Hardware based branch prediction is an important CPU technology to improve control hazards. Branch prediction has two aspects: branch condition prediction and branch target prediction. Branch condition decides whether the branch is taken or not, and branch target decides the target address. Both aspects are equally important.
Branch Condition Prediction
Branch condition prediction consists of static prediction and dynamic prediction. Static prediction means branch either always-taken or always-not-taken. In modern CPU technology, static prediction is out of date, so we will focus on dynamic prediction in this post.
The simplest solution is to keep a 1-bit state machine. When the bit is 1, the prediction will be taken, otherwise the prediction will be not taken. If the prediction is incorrect, the bit will be flipped.
To further improve prediction, the state can be kept with 2 bits instead of 1. A commonly used 2-bit implementation is shown below.
When the state is 11 or 10, the prediction will be taken, otherwise it will be not taken. The result can only be changed with 2 failed predictions. This is particularly useful in for-for loop. Using 1-bit predictor, the last iteration of inner loop will always fail, which will not happen with 2-bit predictor.
The predictors we discussed so far only consider “local” branch history, i.e., the previous behavior of the branch itself. The behavior of a conditional branch also depends on the path taken by the program to that branch. This means the behavior of the last few conditional branches or the “global” history also impacts the prediction accuracy. A common solution is to have (m, n) correlation predictor, where m stands for “global” history of m recently happened branches, and n stands for n-bit “local” predictor. A (2, 2) correlating predictor is shown below.
The 2-bit global branch history keeps track of behavior of most recent 2 branches, and it used to index which set of 2-bit predictors to use. Each set of 2-bit predictors is indexed by last 4 bits of branch address, which means each set has 16 2-bit predictors.
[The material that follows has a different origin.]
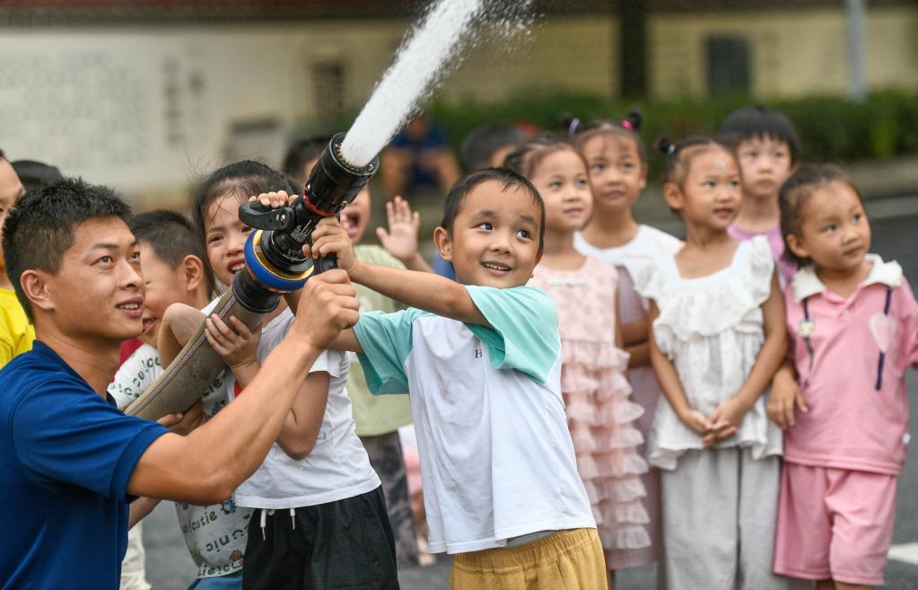 10月13日,小朋友在湖南省永州市道县消防救援大队消防救援人员的协助下体验使用消防水枪。

Final prediction result is derived from both global branch history and branch address.
The “ultimate” solution is called Tournament Predictor. As suggested by the name, two predictors are working simultaneously and competing with each other. A 2-bit predictor is used to choose which predictor provides the result. If the predictor that is chosen has incorrect result twice while the other predicts correctly, the second predictor gets picked for branch prediction. Relatively speaking, Tournament Predictor has better accuracy over other types of predictors.
Branch Target Prediction
Branch target prediction involves getting branch target address as soon as possible. Without branch target prediction, even though we know branch should be taken in advance, we would not know where to jump.
A common implementation is to keep a branch target buffer or BTB, to store the predicted branch target address. The BTB is indexed by branch instruction’s PC or program count, and the predicted target address will be available in one cycle.
Branch prediction can only work well when both condition and target prediction co-exist. When being asked how to improve control hazards in CPU pipelining, remember to mention both condition and target prediction.